The Wicks newlyweds' attorney was quoted as saying he was encouraging other transsexuals to travel to San Antonio to get married. (Same-sex couples giving public thanks to a "marriage protection" statute and a socially conservative judicial district: the first of many "marriage protection" ironies to come.)

Around the same time, in New Hampshire, another two women, Judi and Mikayla Howden, were in a similar situation: Mikayla started out as Michael, married Judi, and then arrived at the painful decision that he was rightfully a woman and underwent SRS to become Mikayla. The result? A lawful same-sex marriage, despite — and, in fact, courtesy of — New Hampshire's ban on such things.

An article on the matter cannily points out:

Recognition lets existing, heterosexual marriages like the Howdens' become same-sex.

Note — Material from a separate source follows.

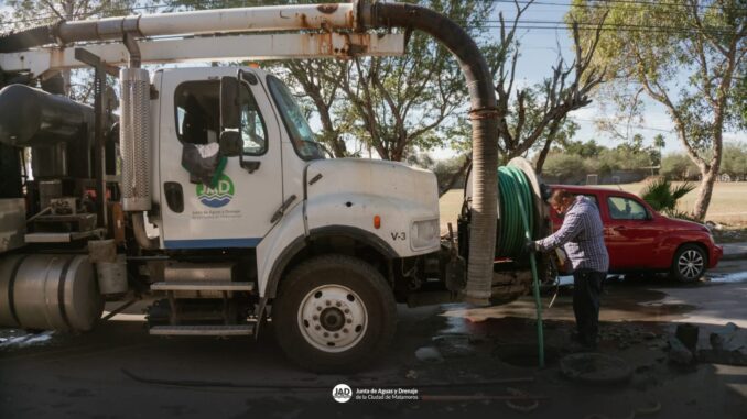 H. Matamoros, Tamaulipas.- Siguiendo las indicaciones del alcalde de Matamoros, Beto Granados, personal de la Junta de Aguas y Drenaje continúa realizando trabajos de limpieza y desazolve en diversas colonias de la ciudad, utilizando el camión vactor para garantizar el correcto funcionamiento de las líneas de drenaje sanitario.
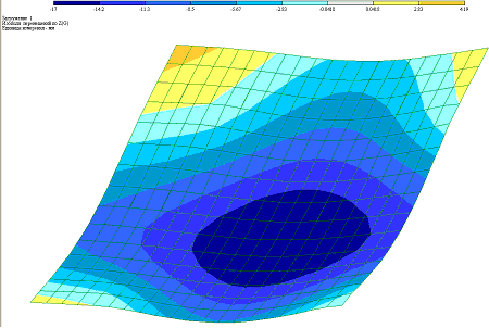 Приведём ниже схему деформирования плиты перекрытия и определим максимальный прогиб для каждого из вариантов.

Denying recognition permits new same-sex marriages - like one between Judi and Mikayla if they were to marry today - because the spouses' sexes differ only on paper, not visibly.

Oh dear, oh dear. "Marriage protection" statutes not only fail to ban same-sex marriage, but also furnish a legal blueprint for its mass-production.



So, What, Then?

To sum up, "marriage protection" statutes are already a debacle from the standpoint of their own advocates: Those laws spectacularly fail to advance their objectives — and are in fact a powerful tool for social conservatives' political and social enemies to create same sex marriages that were impossible without them. That effect can only get worse, over time. The only thing they're particularly good for is breaking up real, existing marriages of those unlucky enough to fail an inevitably arbitrary and unrealistic legal test of one's sexual identity: None of those "Which sex are you?" tests proposed, tried, or likely to emerge fixes the problem.

This honestly isn't supposed to be an advocacy piece, so: Maybe being choked by kudzu is appealing. It's (famously) hardy, is a lovely shade of green, has delicious edible roots that can be cooked and eaten like potatoes, and has quite pretty purple flowers.

On the other hand, if you, our voters and legislatures, decide you'd rather not be blanketed by kudzu, then y'all should consider ceasing to plant it. Just a thought.



Nov. 5, 2008 addendum: After a furious electoral battle, whose $40M "yes" campaign was funded mostly by out-of-state Mormon (and, to a lesser extent, Scientology) church interests, California's Proposition 8 passed by a very narrow margin. I trust that the irony of Mormons lobbying to limit marriage to "one man and one woman" will be lost on no one.